The timelines below are ~approximate~ since this is largely derived from me chatting up one of their investors as an M1.

So as some of you may know, CNU hired all the same key people who started Texas Tech's El Paso med school to start theirs (and many of those same faculty have gone on to boot other medical schools that SDN hasn't batted an eyelash at. Go figure....). CNU invested in buildings and manpower and those people did the same things that that did at Texas Tech to prepare for opening a new MD school. LCME comes back and says "hmm, looks risky. Probably doomed to fail; we'll let you open if you raise 50 million in operating overhead."

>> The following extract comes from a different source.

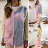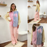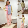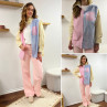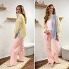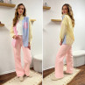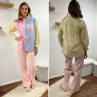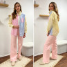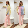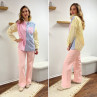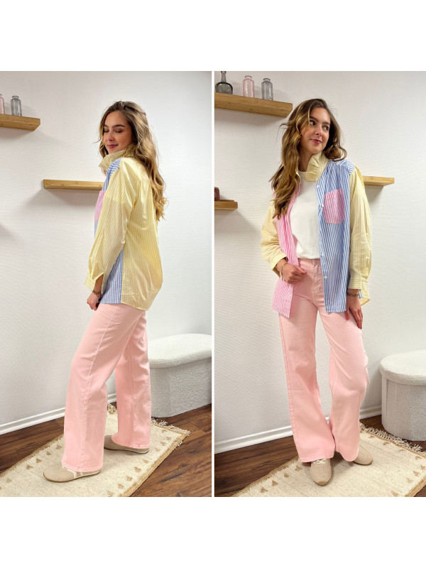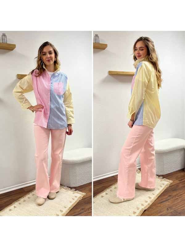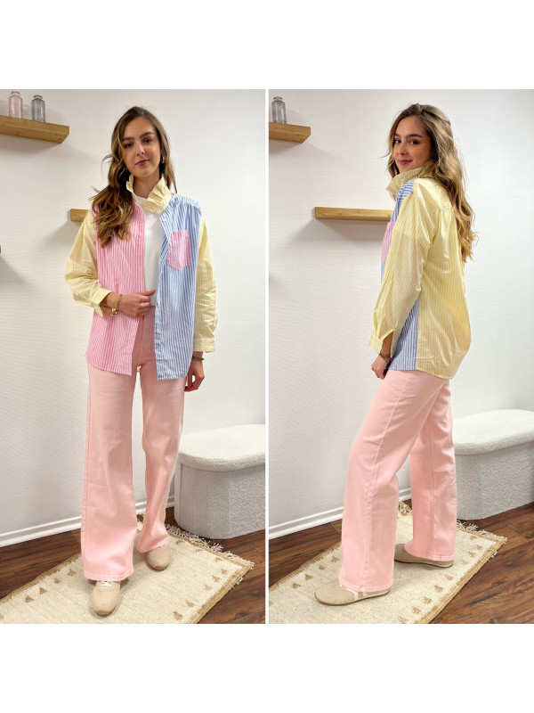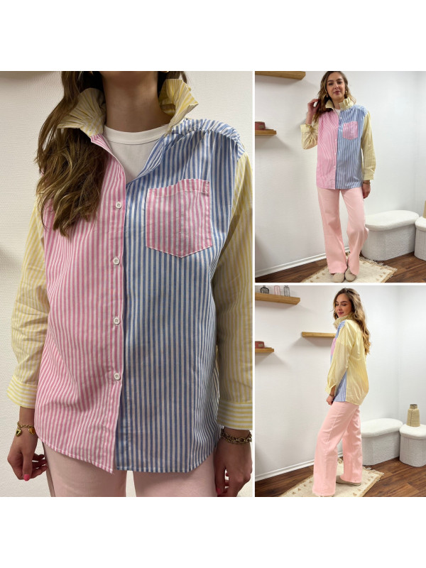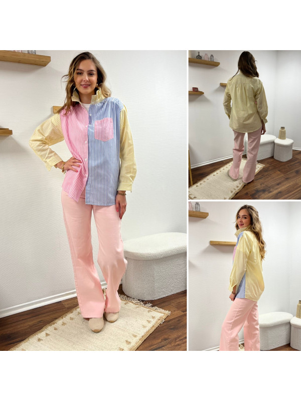 Chemise col volant à rayures bleu ciel, roses et jaunes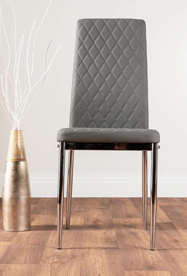- 5 STUNNING CHAIR COLORS Pick your vibe. The Milan chairs are designed with your comfort in mind and come in five eye-catching colors. With premium faux leather, diamond-stitched upholstery, and a gently curved backrest, they’re as cozy as they are chic. Choose from Elephant Gray, White, Black, Mustard, or Cappuccino Gray.

The underlying assumption being that the Pharmacy school wouldn't be able to cobble together that kind of $$$$$ in time. They did. CNU Comes back and then LCME sits on the application for a year bleeding them dry (the building, staff, etc. were all hired and ready). CNU gets testy and then they finally come back and say, "Make it 75 million and then you can open." CNU spends the next 6 months doing a final push to raise the money. Breathless and with a heavy piggy bank, CNU runs back to LCME and says it's ready. LCME continues stalling.

After waiting long enough to not appear unreasonable, CNU comes back and says, "Look, we've done everything you've asked, if you don't rule on our application we're going to take you to court over this." - Anyone with half a brain could figure out that if you go to a court and say, "Hey judge, check it out--- we hired all the same people to start a med school that opened another one successfully, but when they did the exact same thing here, it wasn't good enough." That's a reprimand form the court and economic+punitive damages waiting to happen. - So, shortly thereafter, CNU gets its preliminary accreditation.

Interesting story. You left out that your founding dean was actually fired from Texas Tech, and subsequently resigned from CNU to head CalMed because he is (and I quote) "addicted to starting new medical schools." Next time you see Dr. Silva you should give him a hug. He's the reason you're there.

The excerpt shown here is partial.